YOUR TASK>
Among the lines of the listing below, retype exactly those from the one containing "证券之星消息,9月13日,天" through the one containing "รองรับไฟ 2300 วัตต์", both included. Do not include pictures.

══ AVAILABLE DATA

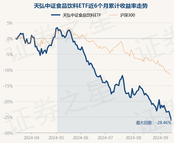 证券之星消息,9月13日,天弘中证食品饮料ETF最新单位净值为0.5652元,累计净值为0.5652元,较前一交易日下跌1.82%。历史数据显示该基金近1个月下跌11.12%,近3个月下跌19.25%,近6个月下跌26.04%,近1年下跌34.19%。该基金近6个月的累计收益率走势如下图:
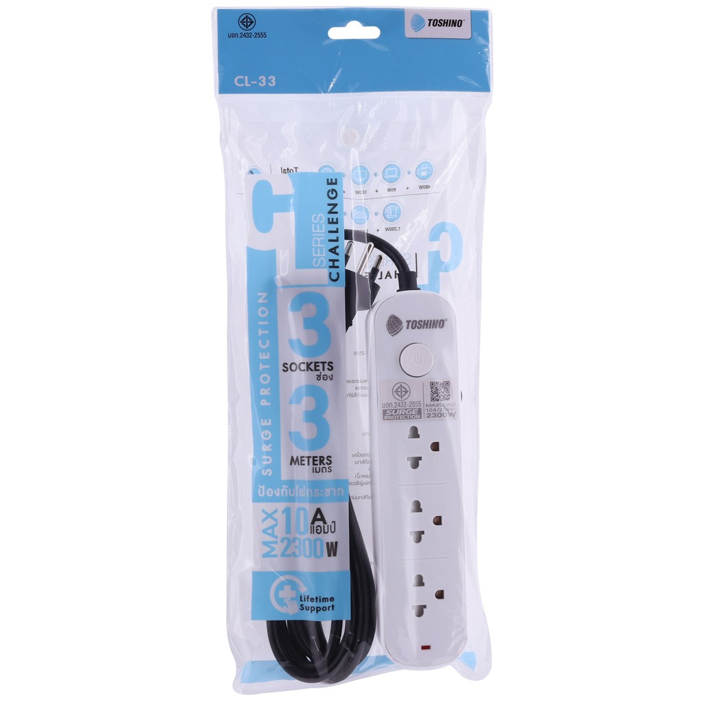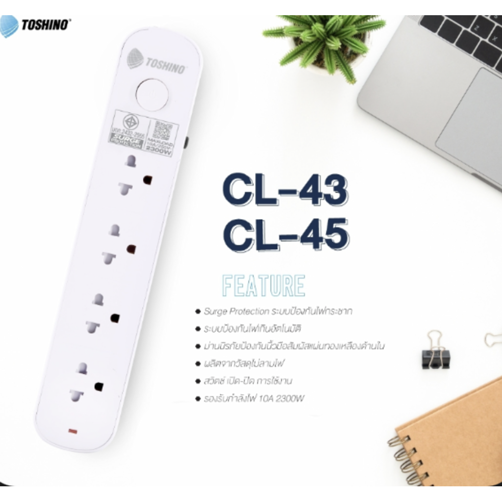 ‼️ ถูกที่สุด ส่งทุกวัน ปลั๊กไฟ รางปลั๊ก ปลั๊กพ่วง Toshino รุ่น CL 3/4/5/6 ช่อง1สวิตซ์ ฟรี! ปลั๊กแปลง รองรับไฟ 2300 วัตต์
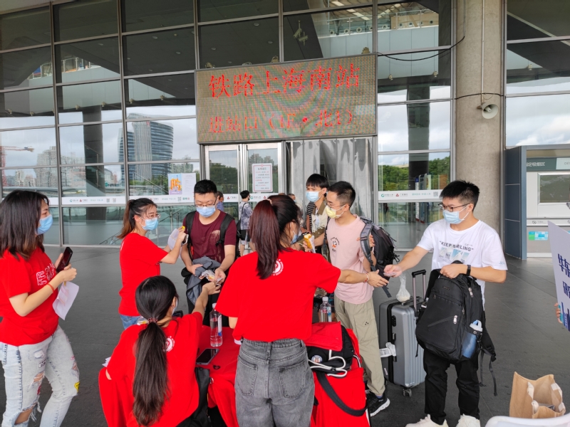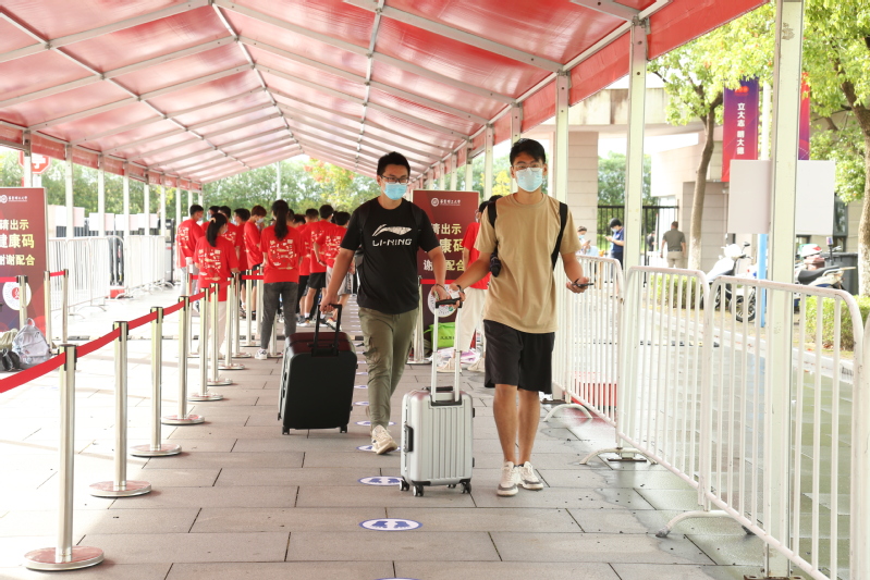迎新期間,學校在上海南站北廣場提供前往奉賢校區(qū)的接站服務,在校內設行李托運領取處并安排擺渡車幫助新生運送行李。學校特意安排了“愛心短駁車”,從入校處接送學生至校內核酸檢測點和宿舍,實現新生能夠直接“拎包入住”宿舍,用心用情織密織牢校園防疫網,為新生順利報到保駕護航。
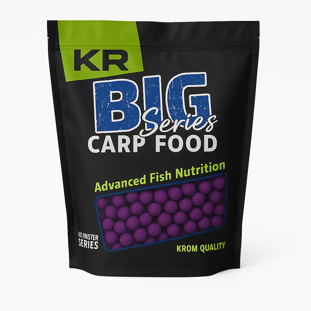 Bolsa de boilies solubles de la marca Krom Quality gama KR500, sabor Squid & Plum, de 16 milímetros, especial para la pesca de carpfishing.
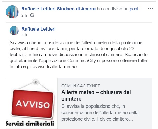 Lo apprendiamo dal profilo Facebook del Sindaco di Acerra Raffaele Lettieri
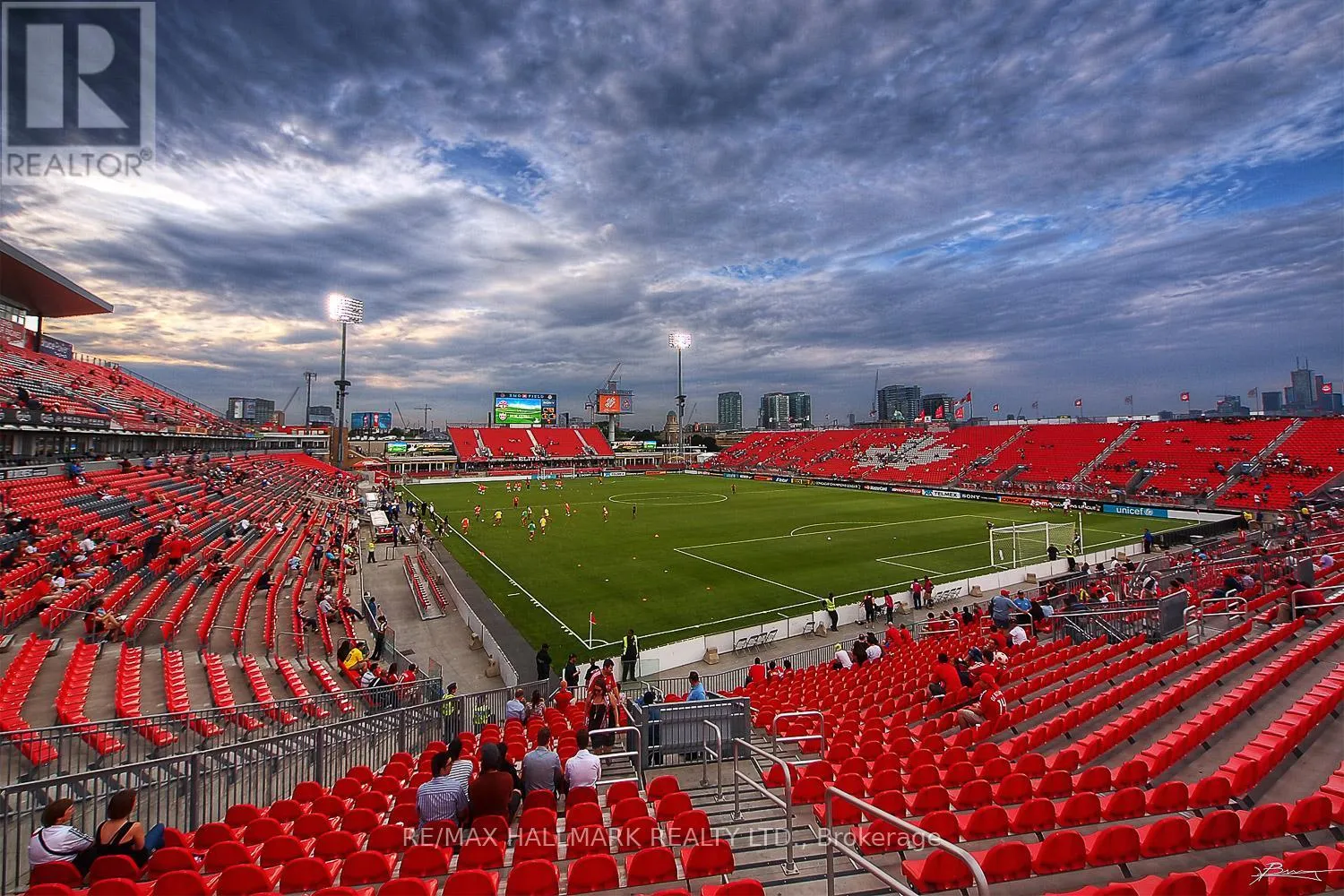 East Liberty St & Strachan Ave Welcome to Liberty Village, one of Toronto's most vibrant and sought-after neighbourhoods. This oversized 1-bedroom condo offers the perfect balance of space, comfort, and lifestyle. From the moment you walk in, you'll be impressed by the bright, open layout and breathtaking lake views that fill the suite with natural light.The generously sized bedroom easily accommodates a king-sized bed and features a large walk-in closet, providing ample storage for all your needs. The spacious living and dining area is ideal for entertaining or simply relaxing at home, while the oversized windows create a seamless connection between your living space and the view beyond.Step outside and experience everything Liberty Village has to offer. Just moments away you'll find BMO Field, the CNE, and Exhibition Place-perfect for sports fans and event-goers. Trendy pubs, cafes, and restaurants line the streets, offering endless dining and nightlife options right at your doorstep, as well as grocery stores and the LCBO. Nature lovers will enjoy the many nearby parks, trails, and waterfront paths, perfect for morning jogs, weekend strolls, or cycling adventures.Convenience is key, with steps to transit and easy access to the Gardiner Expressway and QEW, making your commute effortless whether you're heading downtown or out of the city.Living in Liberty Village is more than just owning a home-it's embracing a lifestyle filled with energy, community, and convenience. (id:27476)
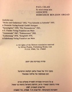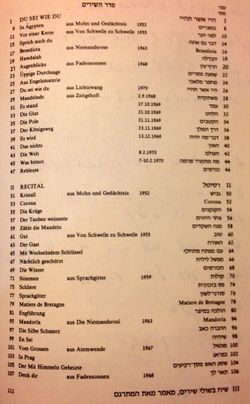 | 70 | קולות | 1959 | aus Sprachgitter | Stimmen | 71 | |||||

════
══ AVAILABLE DATA

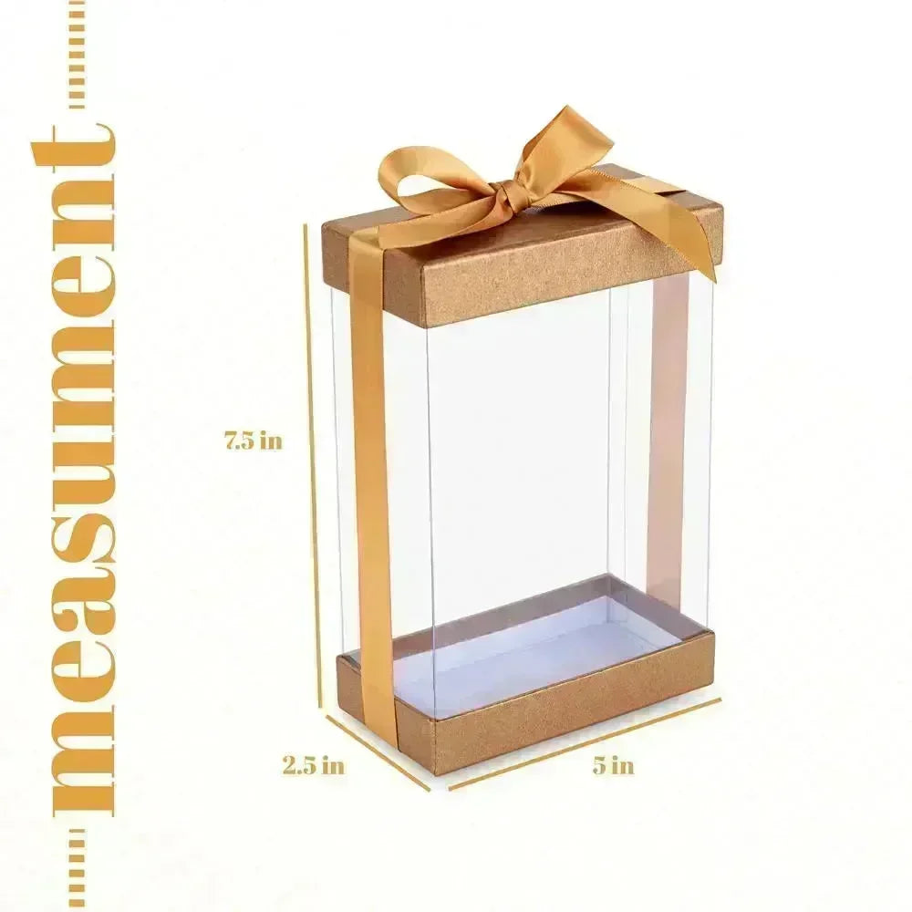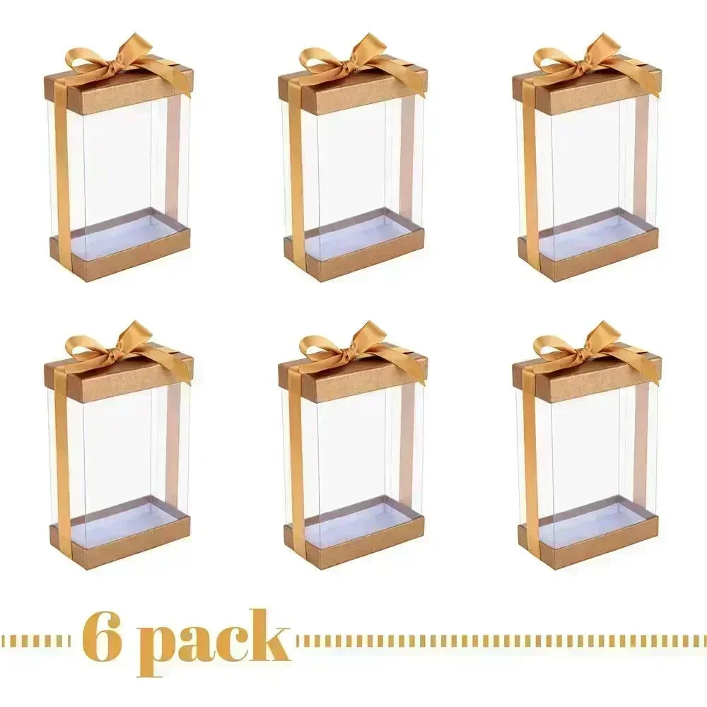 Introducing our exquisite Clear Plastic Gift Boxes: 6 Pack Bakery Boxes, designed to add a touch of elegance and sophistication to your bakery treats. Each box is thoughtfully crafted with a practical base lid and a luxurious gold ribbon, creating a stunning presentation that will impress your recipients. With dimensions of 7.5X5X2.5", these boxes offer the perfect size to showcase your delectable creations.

════

SOLUTION TO THIS TASK>
 证券之星消息,9月13日,天弘中证食品饮料ETF最新单位净值为0.5652元,累计净值为0.5652元,较前一交易日下跌1.82%。历史数据显示该基金近1个月下跌11.12%,近3个月下跌19.25%,近6个月下跌26.04%,近1年下跌34.19%。该基金近6个月的累计收益率走势如下图:
 ‼️ ถูกที่สุด ส่งทุกวัน ปลั๊กไฟ รางปลั๊ก ปลั๊กพ่วง Toshino รุ่น CL 3/4/5/6 ช่อง1สวิตซ์ ฟรี! ปลั๊กแปลง รองรับไฟ 2300 วัตต์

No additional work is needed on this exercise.